El COVID-19 y las obras de construcción ¿Salud pública o salud laboral?

Desde que el pasado 11 de marzo la Organización Mundial de la Salud elevase la situación de emergencia de salud pública ocasionada por el SARS-CoV-2 (en adelante COVID-19) a pandemia internacional, en aproximadamente un mes mucho ha sido lo que se ha vivido en nuestro país, tanto como sociedad como desde el punto de vista laboral.

No pretendo analizar dicha pandemia y como se debería haber actuado para evitarla, o al menos reducir la trágica cifra de contagiados y fallecidos por el virus, que en el momento de la elaboración de este artículo asciende a más de 160.000 contagiados y más de 16.000 personas fallecidas.

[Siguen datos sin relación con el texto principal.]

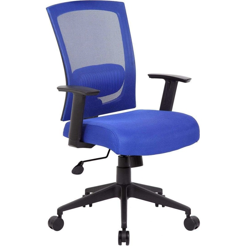 Our mesh back task chair provides comfort and ergonomic support for any office environment. It features ratchet back height adjustment, two adjustable height armrests, a pneumatic gas lift seat for easy height adjustment, and adjustable tilt tension control. Its versatility is augmented by a blue mesh back with lumbar support and a breathable blue mesh fabric seat. All of this is supported by a 25 black nylon high crown base and five hooded double wheel casters.
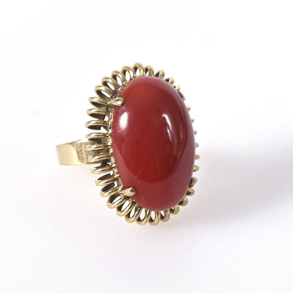 Gelbgold 585 gestempelt. Koralle 2,5 x 1,6 x 1 cm. Ringgröße 55. 13,6 g.

No soy especialista ni epidemiólogo, pero son cifras desorbitadas que creo deberían hacernos reflexionar profundamente para aprender y actuar en consecuencia. Los humanos nos caracterizamos por tropezar dos veces (o más) con la misma piedra. Esperemos que la respuesta frente a una nueva y posible pandemia sea más acertada, y no volvamos a cometer los mismos errores.

Dicho lo anterior, voy a centrar este documento en exponer mi experiencia desde que estalló la situación de emergencia en su aspecto laboral.

Mucho se ha legislado en este último mes con medidas que afectan a toda la actividad laboral del país, incluyendo el sector de la construcción. La rapidez en la evolución de los hechos, a escala nacional e internacional, ha requerido la adopción de medidas excepcionales para hacer frente a esta coyuntura, declarándose el estado de alarma en nuestro país por medio del RD 463/2020 de 14 de marzo. Esta norma estableció limitaciones a la libre circulación de las personas, así como importantes medidas de contención de la actividad económica.

A pesar de que el citado Real Decreto y su posterior modificación a través del RD 465/2020 de 17 de marzo, no imponía la paralización de la actividad en el sector de la construcción, lo cierto es que algunas obras fueron paralizadas o se redujo drásticamente su actividad ante la dificultad por parte de los agentes involucrados de establecer medidas de seguridad y salud que garantizasen la salud de todas las personas que intervienen en el proceso constructivo. Además, se han producido casos confirmados de positivos por COVID-19 en las obras, hecho que también ha propiciado que algunas empresas, aplicando sus protocolos, hayan decidido paralizar la actividad de la obra total o parcialmente.

Esta disminución de la actividad de construcción se vio incrementada con la aprobación del RDL 10/2020, de 29 de marzo de 2020, por el que se reguló un permiso retribuido recuperable para las personas trabajadoras por cuenta ajena que no prestasen servicios esenciales, todo ello con el fin de reducir la movilidad de la población en el contexto de la lucha contra el COVID-19. La imposibilidad de acudir a las obras por parte de los trabajadores por cuenta ajena, salvo en situaciones excepcionales reguladas en el propio RDL, ha traído como consecuencia la suspensión temporal de la actividad en la mayoría de las obras que se mantenían abiertas.